▶ [TASK GOAL] Without including the pictures, copy each line below exactly as it reads.

*** DATA BLOCK Section Begins ***

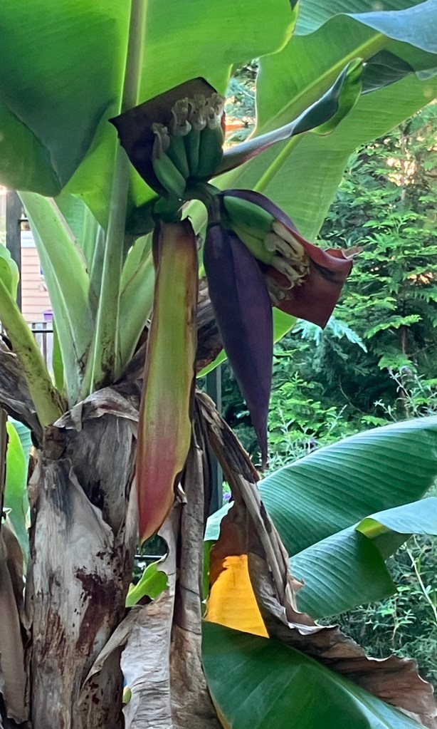 The plant gave no sign of fruit. The pot got heavy, especially pulling it inside for winter and out for summer. Toward the end of the plant’s third summer, I was shocked. A purple-hued leaf sheaf had popped, reaching from the top crotch.
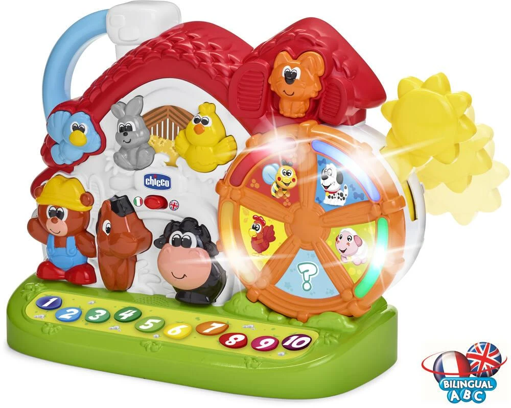 Ferme qui apprend aux tout petits les animaux de la ferme en français et en anglais. Ainsi que plus de 50 mots, questions chansons et sons. Effets sonores et lumineux.
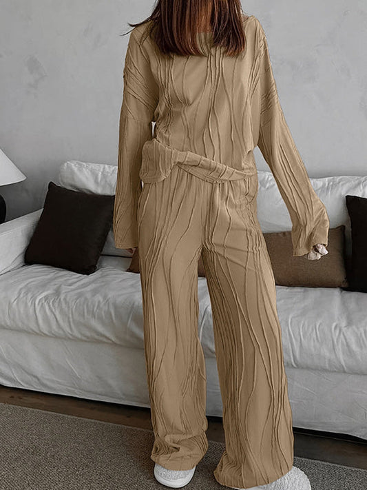 Moxie | Modieuze losse textuur- lange mouwen & broeken set

*** DATA BLOCK Section Ends ***

▶ [COMPLETED TASK]
 The plant gave no sign of fruit. The pot got heavy, especially pulling it inside for winter and out for summer. Toward the end of the plant’s third summer, I was shocked. A purple-hued leaf sheaf had popped, reaching from the top crotch.
 Ferme qui apprend aux tout petits les animaux de la ferme en français et en anglais. Ainsi que plus de 50 mots, questions chansons et sons. Effets sonores et lumineux.
 Moxie | Modieuze losse textuur- lange mouwen & broeken set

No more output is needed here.